-- Work instruction --
Exactly reproduce the lines of the listing below from the one containing "Sue writes articles" through the one containing "Vladislav Mamyshev-Monroe, Charlie". Skip the images.
>>
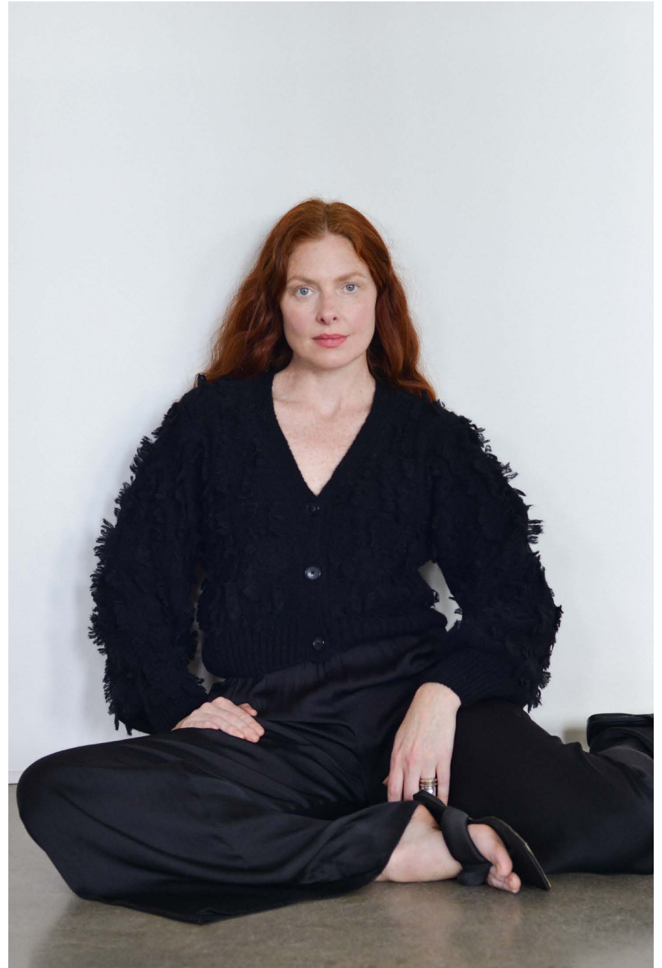
LUELLA CARDI | ESPSP22-02 | BLACK (styled with woven pant)
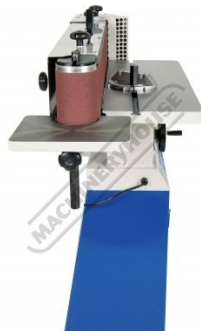
End Table View
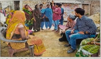
गांव में जाकर मॉनीटरिंग करते अधिकारी।

ईट भट्टा पर काम करने वाले अभिभावकों के बच्चे स्कूलों से जुड़ कर नियमित पढ़ाई कर सकें इसके लिए विशेष अभियान चलाया जा रहा है। जिले में 577 ईट भट्टे से लौटे अभिभावकों के बच्चों को स्कूलों शिक्षा से जोड़ कर उन्हें शिक्षित किया जा रहा है। ईट भट्टे से लौटे बच्चियों के स्वास्थ्य, शिक्षा आदि की मॉनीटरिंग शिक्षा विभाग द्वारा लगातार की जा रही है। बिहार शिक्षा परियोजना के साथ ही कोलकाता मेरी वाई सोशल सेंटर की मदद से संस्थान में विद्यार्थियों के शैक्षणिक और स्वास्थ्य संबंधित जानकारी इकट्ठा किया जा रहा है। जिले के विभिन्न स्कूलों में नामांकन लेने वाले ईट भट्टे से लौटे 577 विद्यार्थियों को शिक्षा की मुख्यधारा से जोड़ा गया है। ईट भट्टे से लौटने वाले विद्यार्थियों को पढ़ाने के लिए विशेष रूप से संबंधित स्कूलों के शिक्षकों को ट्रेनिंग दी गयी है। शिक्षकों को प्रशिक्षण के दौरान यह बताया गया कि ईट भट्टा पर काम करने वाले अभिभावकों के बच्चे शिक्षा से नहीं जुड़ पायें हैं। स्कूल में पढ़ाई के साथ ही उन्हें नये माहौल में रहते हुए स्कूल अवधि में समय बिताना है। इस दौरान उन्हें किसी
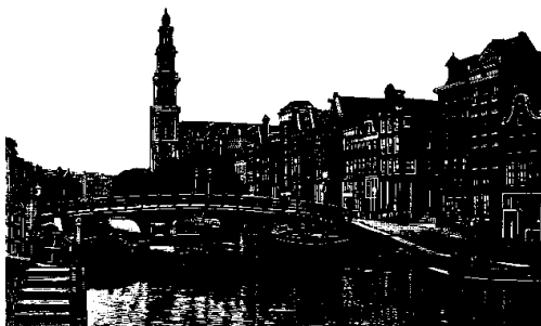
Canals of Amsterdam

FOOTNOTE: In 1814 the Provinces of both Holland and Belgium were united by the Treaty of Paris to form the Kingdom of the Netherlands. This arrangement lasted till 1830, when the southern provinces broke away and formed the Kingdom of Belgium. King Willem I attempted to reduce the revolted provinces by force; but the Great Powers intervened, and finally matters were adjusted between the two countries in 1839. The King abdicated in 1840, and was succeeded by his son Willem II (1840-49), he being again succeeded by his son Willem III, who was succeeded in 1890 by his daughter Wilhelmina. New Cabinet Cyclopaedia, Phila., 1896.
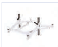
P13762 16"Wx18"D Stainless Steel Frame
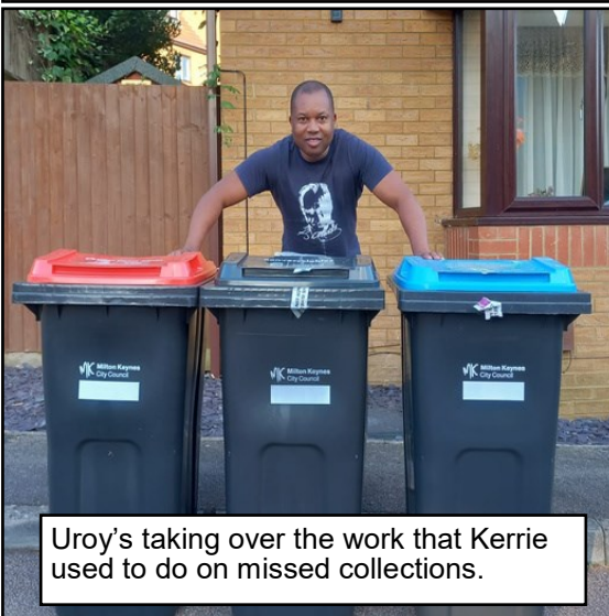
Uroy's taking over the work that Kerrie used to do on missed collections.

A commitment to net zero carbon emissions. Better house insulation and flood control.
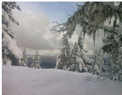
Overlooking Umpqua Valley

Some thoughts that keep bouncing around in my head are what kinds of hobbies or entertainment are most suited for the current economic climate. Again keeping it close to home seems to be the order of the day. Perhaps some painting or photography. Yes the economy is tough right now, but maybe that isn't so bad after all.
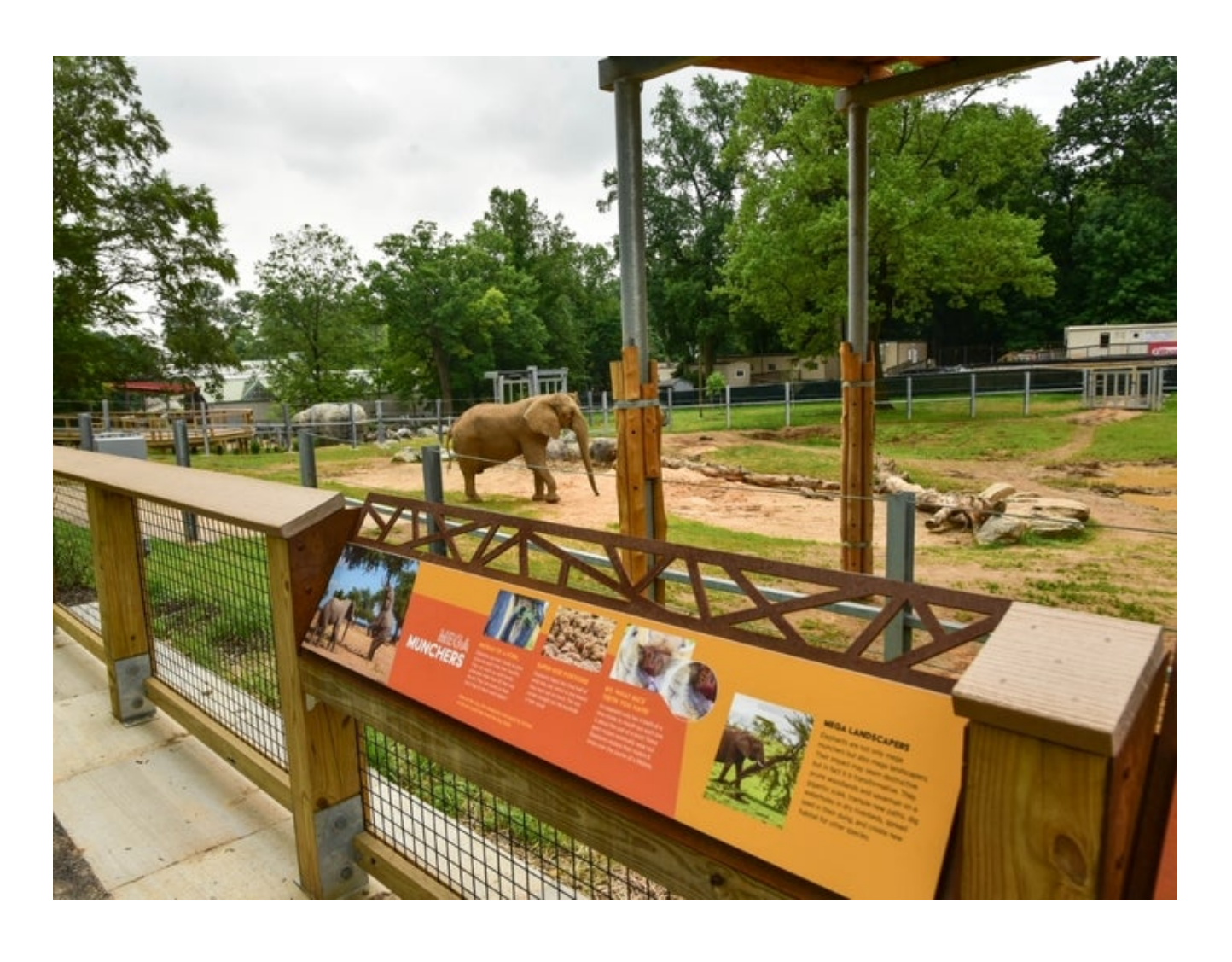
The elephant yard nearly tripled and is designed to be like a savanna.
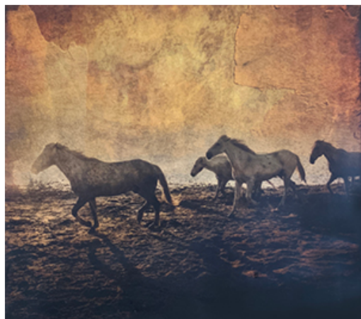
Camargue Herd Dawn

Sue writes articles for leading photography magazines including Shutterbug and After Capture. She is a regular contributor to Australia's Better Photoshop Techniques.
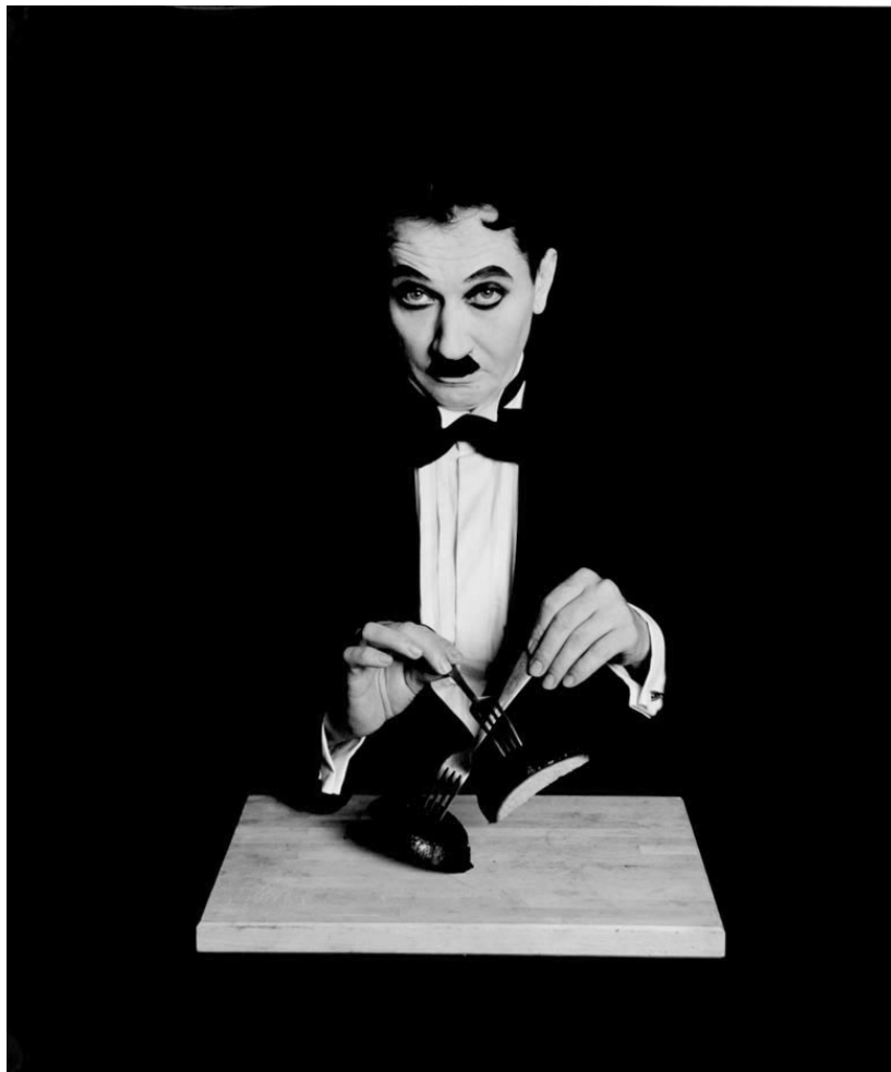
Vladislav Mamyshev-Monroe, Charlie Chaplin , from the series Heart Cancer , 2004. Courtesy of ART4.RU Museum of Contemporary Art, Moscow.

HOUSTON, TEXAS, JANUARY 23, 2012 – FotoFest announces the Russian artists and exhibitions for its 2012 Biennial Contemporary Russian Photography , which opens in Houston, Texas , on March 16, 2012 and will be on view through April 29, 2012 . The Biennial explores modern and contemporary Russian photographic history over the last five decades, from the post-Stalinist period of the 1950s to the present day. Three main exhibitions, created for the FotoFest 2012 Biennial, present three periods of Russian modern and contemporary photography, with the works of 142 artists from Russia, Belarus and the Ukraine: After Stalin , “The Thaw” , The Re-emergence of the Personal Voice (1950s-1970s) , Perestroika, Liberalization and Experimentation (1980s-2010) , and The Young Generation (2009-2012) . Of the works, on loan from private collections and the archives of the artists themselves, many are being shown for the first time outside of Russia.
<<
-- The completed task --
Sue writes articles for leading photography magazines including Shutterbug and After Capture. She is a regular contributor to Australia's Better Photoshop Techniques.
Vladislav Mamyshev-Monroe, Charlie Chaplin , from the series Heart Cancer , 2004. Courtesy of ART4.RU Museum of Contemporary Art, Moscow.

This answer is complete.